Pochi giorni fa la tragedia di Gela dove una madre ha ucciso, sembra soffocandole, le due figliolette di sette e nove anni.
Non è la prima e non sarà l’ultima di simili tragedie, e non perché – ovviamente – le donne e le madri siano potenzialmente “cattive” per condizione ontologica (non lo sono gli uomini e i padri così come non lo sono le donne e le madri…), bensì semplicemente perché la violenza fa parte dell’umano, non è prerogativa dei maschi così come non lo è delle femmine. Possiamo e dobbiamo lavorare a tutti i livelli, sociali, psicologici, culturali, affinchè la violenza sia quanto più possibile limitata, circoscritta, disinnescata, gestita, canalizzata entro confini “accettabili” o anche sublimata, come si suol dire, attraverso attività creative e/o agonistiche, ma dubito che riusciremo mai ad estirparla del tutto. E questo perché l’essere umano è un essere complesso, naturale e culturale nello stesso tempo, e questa complessità, piaccia o meno, comprende anche la violenza, che naturalmente può essere fisica o piscologica, agita in forme e modalità diverse, ma questo è un altro discorso che necessita di un’analisi ad hoc (anzi, di diverse analisi ad hoc…).
Insomma, gli umani non sono mai stati “buoni”, neanche in un fantomatico quanto utopico stato di natura preesistente alla nascita delle cosiddette “società civili”, ma neanche “cattivi”. Siamo quello che siamo nella nostra complessità. Dovremmo accettare questa nostra condizione, comunque non immutabile, sia chiaro, ma in costante seppur lenta evoluzione e trasformazione, ben sapendo però che alcune caratteristiche fanno parte del nostro codice genetico, della nostra particolare ontologia di esseri che – unici al mondo, in tal senso – sono appunto una miscela di natura e cultura, assolutamente non separabili. Sbagliano, dunque, gli “ontologisti”, i quali sostengono che nulla è trasformabile perché l’essere è eterno ed immutabile così come sbagliano i “culturalisti” per i quali tutto è invece plasmabile. Infatti, fin da quando i primi umanoidi sono scesi dagli alberi e si sono drizzati su due gambe (e forse anche prima), era contestualmente iniziato il processo “culturale”. Ma questo processo che pure ci ha portato ad una evoluzione strepitosa, non ha comunque potuto eliminare quelle caratteristiche di natura genetica-ontologica che ci rendono gli esseri che siamo.
Fatta questa necessaria premessa, alcune brevi considerazioni.

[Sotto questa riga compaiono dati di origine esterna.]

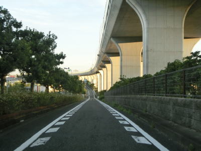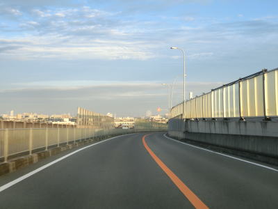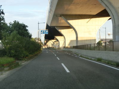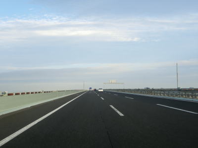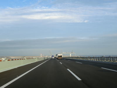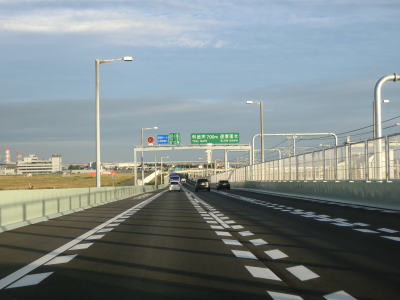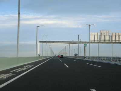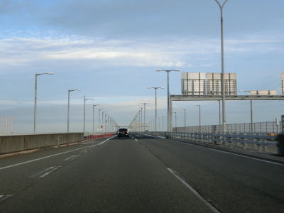 | E71関西空港道の本線に合流してすぐに阪神高速4号湾岸線からの側道も合流して片側3車線になる。鉄道も並走しているのだが、道路の下を通っているためその姿を見る事はできない。空港との連絡橋とあって航空機の離発着に考慮して橋の中央部分はポールタイプの照明ではなく欄干に埋め込まれた高欄タイプとなっている。そのため見通しは良いがコルトの目線の高さでは海はほとんど見えない。 | ||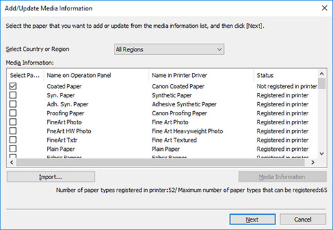 용지 정보 선택(Select Media Information) 화면에서 등록할 용지의 확인란을 선택합니다.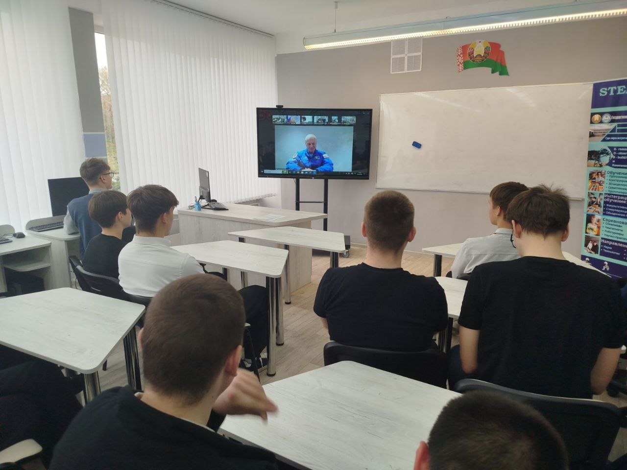 10 апреля 2026 года обучающиеся 10 «А» класса государственного учреждения образования «Гимназия №1 г. имени Т.А.Гриченка г.Волковыска» приняли участие в международном онлайн-уроке «Первые в космосе», на котором гостем стал летчик-космонавт, Герой России Олег Новицкий.

La violenza esiste tra i bambini e tra le bambine ma viene rimossa perché abbiamo la necessità di preservare l’archetipo della loro innocenza. Un errore, a mio parere anche molto grave, perché un problema non si risolve mai rimuovendolo ma solo affrontandolo.
Anche le donne, come è ovvio, agiscono in modo violento (così come gli uomini, anche se talvolta o più spesso in forme diverse), però anche e soprattutto in questo caso interviene il meccanismo della rimozione se non addirittura della negazione della loro capacità di agire in modo violento. Esistono correnti femministe, che di fatto hanno colonizzato l’immaginario collettivo, che sostengono che la “violenza è maschile” e che quando le donne agiscono in modo violento è perché hanno interiorizzato la mentalità e la cultura maschile e maschilista. Se così non fosse – questa la tesi (o il delirio, a seconda dei punti di vista) – le donne non agirebbero in modo violento perché la loro “specificità di genere” glielo impedirebbe (se questo non è sessismo, ditemi voi che cos’è…).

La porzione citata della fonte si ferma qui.